Question

42.5 grams of an unknown substance is heated to 105.0 degrees Celsius and then placed into a calorimeter containing 110.0 grams of water at 24.2 degrees Celsius. If the final temperature reached in the calorimeter is 32.4 degrees Celsius, what is the specific heat of the unknown substance?
Show or explain the work needed to solve this problem, and remember that the specific heat capacity of water is 4.18 J/(° C × g).

Answer 1

Answer:

The specific heat of the unknown substance is 1.22 J/g.°C.

Explanation:

• Knowing that:

Heat lost by substance (Qc) = Heat gained by the water (Qw) ,

- (Qc) = (Qw).

• We can calculate the amount of heat (Qw) gained by water using the relation:

Qw = m.c.ΔT,

where, Qw is the amount of heat released to water (Q = ??? J).

m is the mass of water (m = 110.0 g).

c is the specific heat capacity of solution (c = 4.18 J/g.°C).

ΔT is the difference in T (ΔT = final temperature - initial temperature = 32.4°C - 24.2°C = 8.2°C).

∴ Q = m.c.ΔT = (110.0 g)(4.18 J/g.°C)(8.2°C) = 3770.36 J.

• Now, the amount of heat lost by the substance (Qc) = - 3770.36 J.

(Qc) = m.c.ΔT,

where, Qc is the amount of heat lost by substance (Qc = - 3770.36 J).
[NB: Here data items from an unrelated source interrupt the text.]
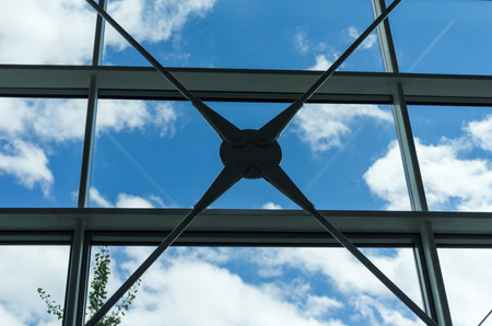 Skylight glass roof of an atrium, with geometric structure in modern contemporary architectural style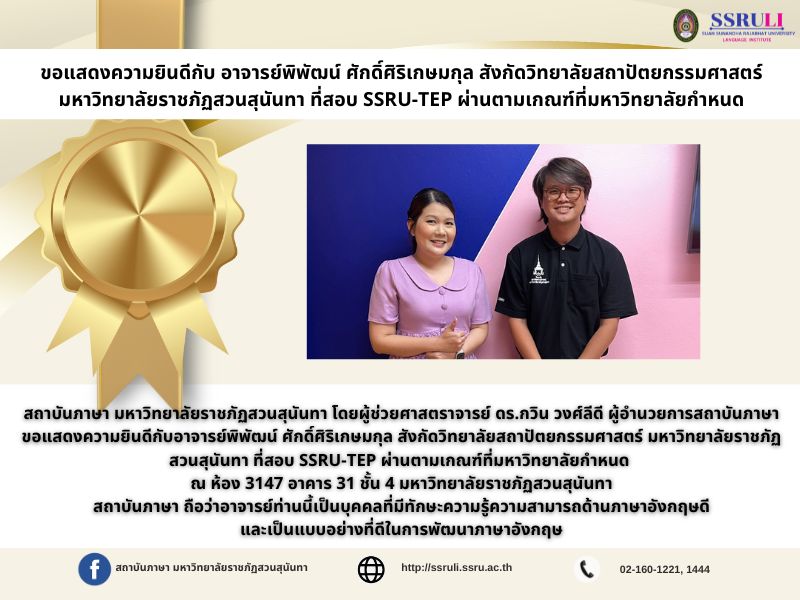 ถือว่าอาจารย์ท่านนี้เป็นบุคคลที่มีทักษะความรู้ความสามารถด้านภาษาอังกฤษดี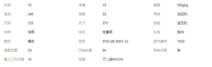 本网页所展示的有关【不二越NACHI柱塞泵油泵PVS-1B/0B/2B-45N1/35N1/22N3/16N2-U/Z-12_机油泵_苏州越森机电有限公司】的信息/图片/参数等由全球零部件网的会员【苏州越森机电有限公司】提供,由全球零部件网会员【苏州越森机电有限公司】自行对信息/图片/参数等的真实性、准确性和合法性负责,本平台(本网站)仅提供展示服务,请谨慎交易,因交易而产生的法律关系及法律纠纷由您自行协商解决,本平台(本网站)对此不承担任何责任。您在本网页可以浏览【不二越NACHI柱塞泵油泵PVS-1B/0B/2B-45N1/35N1/22N3/16N2-U/Z-12_机油泵_苏州越森机电有限公司】有关的信息/图片/价格等及提供【不二越NACHI柱塞泵油泵PVS-1B/0B/2B-45N1/35N1/22N3/16N2-U/Z-12_机油泵_苏州越森机电有限公司】的商家公司简介、联系方式等信息。
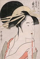 De courtisane Takigawa werkte voor het Ogiya, het "House of Fans" bordeel, een van de meest prestigieuze in de Yoshiwara. Hier rookt ze tabak, een modieuze trend in Edo uit de 18e eeuw.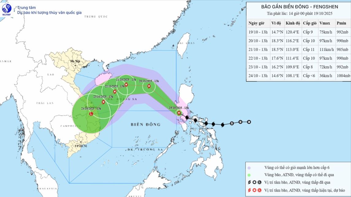 Theo đó, hồi 13 giờ ngày 19-10, vị trí tâm bão ở vào khoảng 14,7 độ Vĩ Bắc; 120,4 độ Kinh Đông, trên khu vực miền Trung Philippines. Sức gió mạnh nhất vùng gần tâm bão mạnh cấp 9 (75-88 km/giờ), giật cấp 11. Di chuyển theo hướng Tây Bắc với tốc độ 20-25 km/giờ.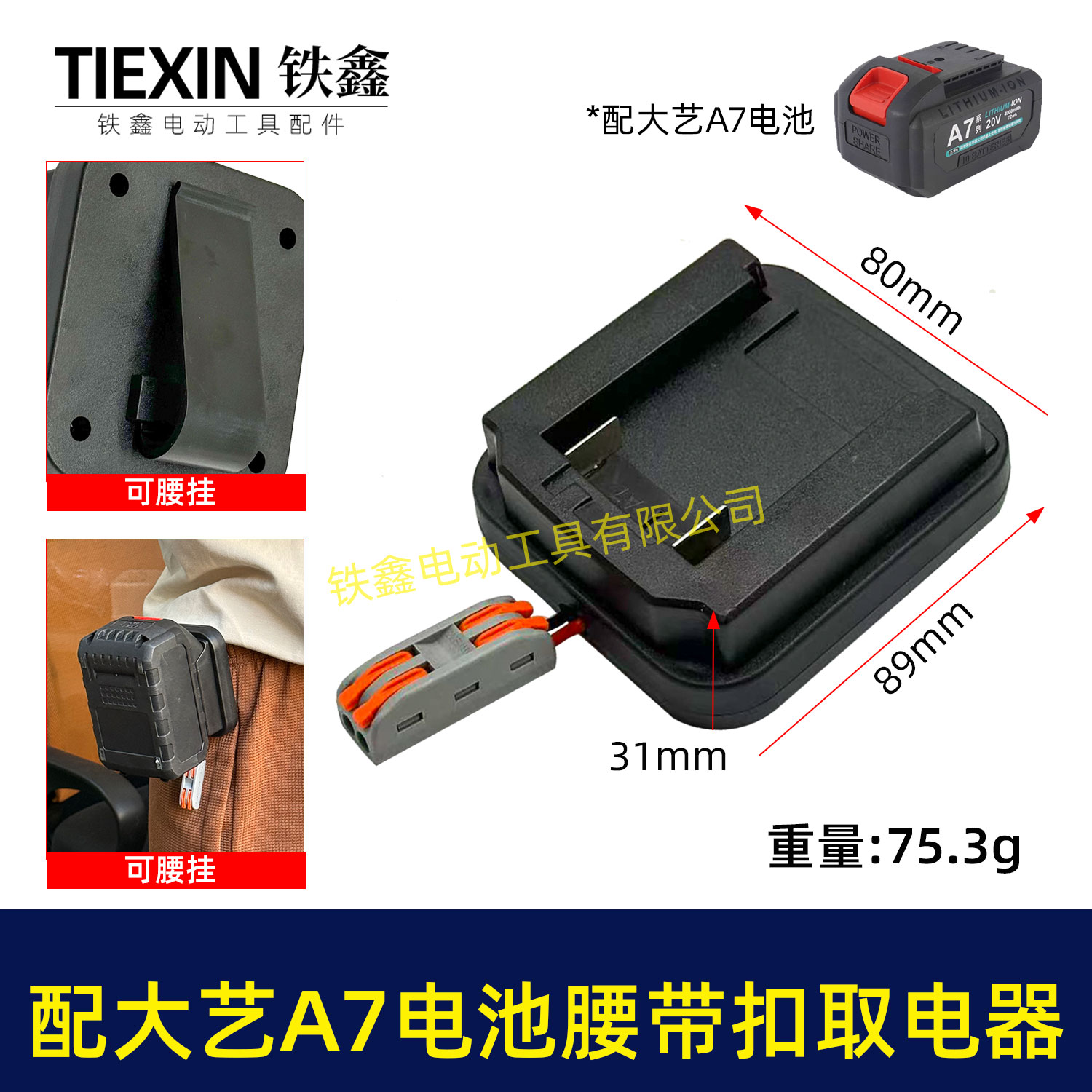 【货号07242】适配大艺A7电池腰带扣取电器电池固定架电池放电器锂电池腰带固定架子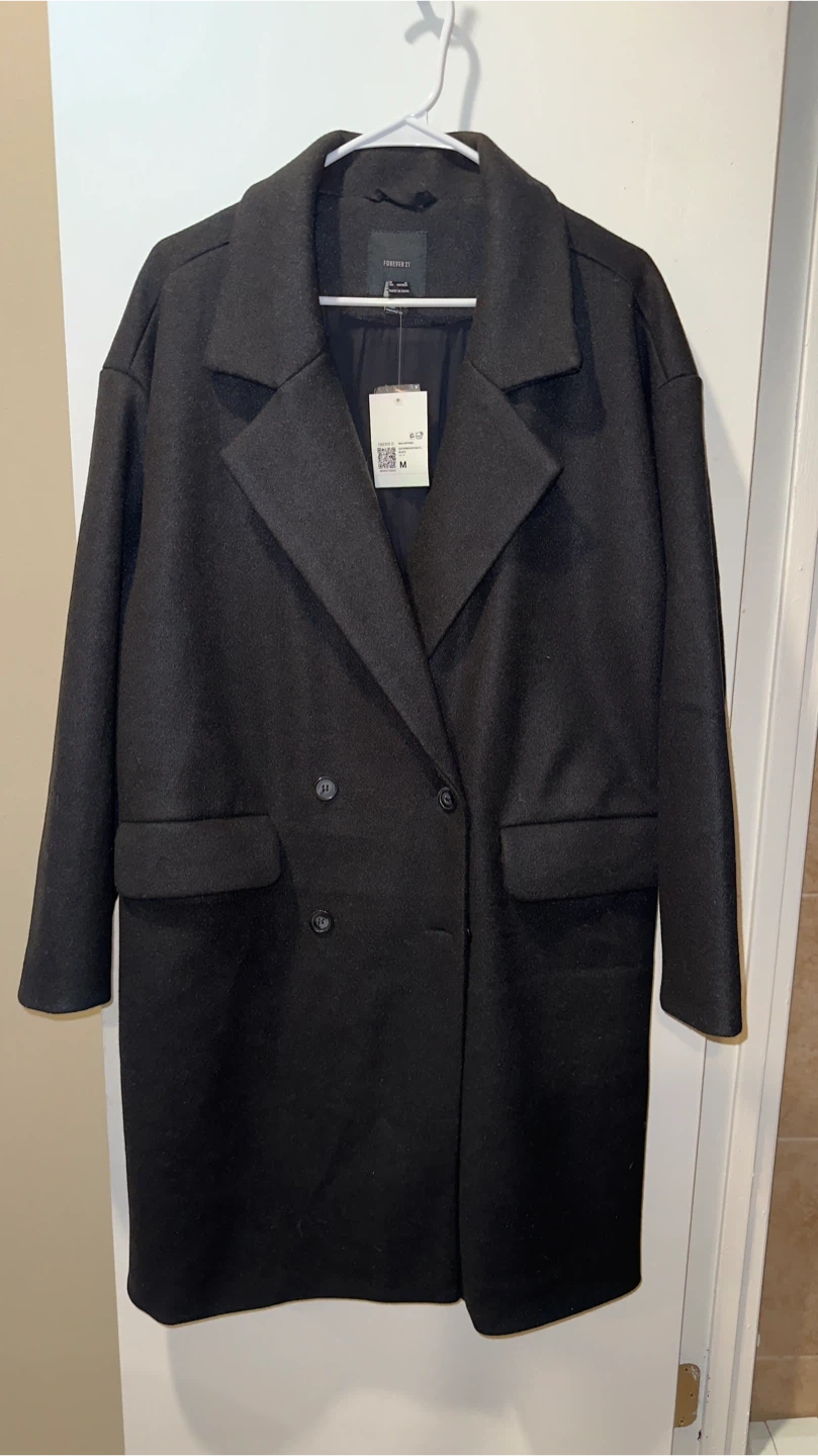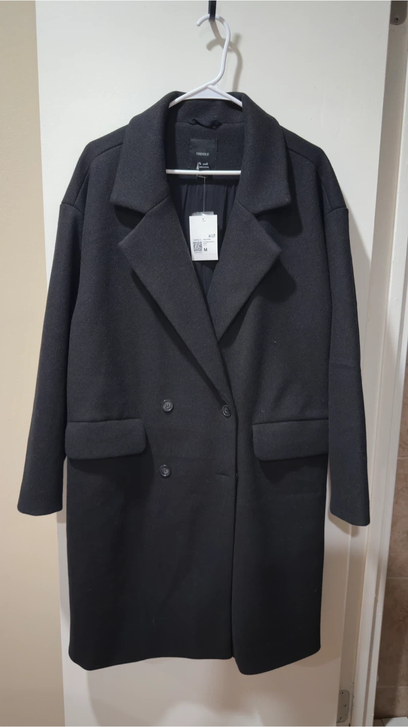 Selling a Forever 21 black double-breasted coat in size M. It's in great condition and ready for a new home! The coat features a classic design with a double-breasted front and a stylish, versatile look that can be dressed up or down. Never used.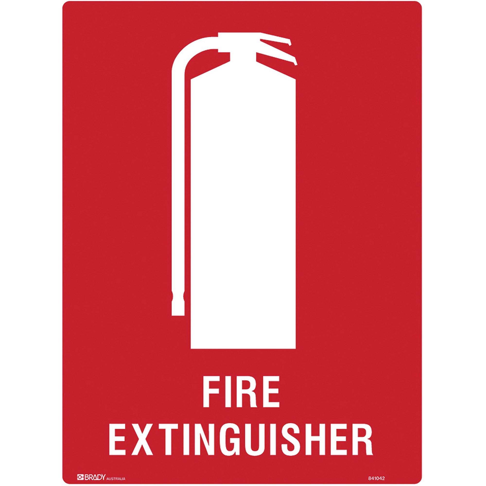 BRADY FIRE SIGN FIRE EXTINGUISHER 450W X 600MMH METAL WHITE/RED

m is the mass of water (m = 42.5 g).

c is the specific heat capacity of solution (c = ??? J/g.°C).

ΔT is the difference in T (ΔT = final temperature - initial temperature = 32.4°C - 105.0°C = -72.6°C).

∴ (- 3770.36 J) = (42.5 g)(c)(-72.6°C).

∴ c = (- 3770.36 J)/(42.5 g)(-72.6°C) = 1.222 J/g.°C.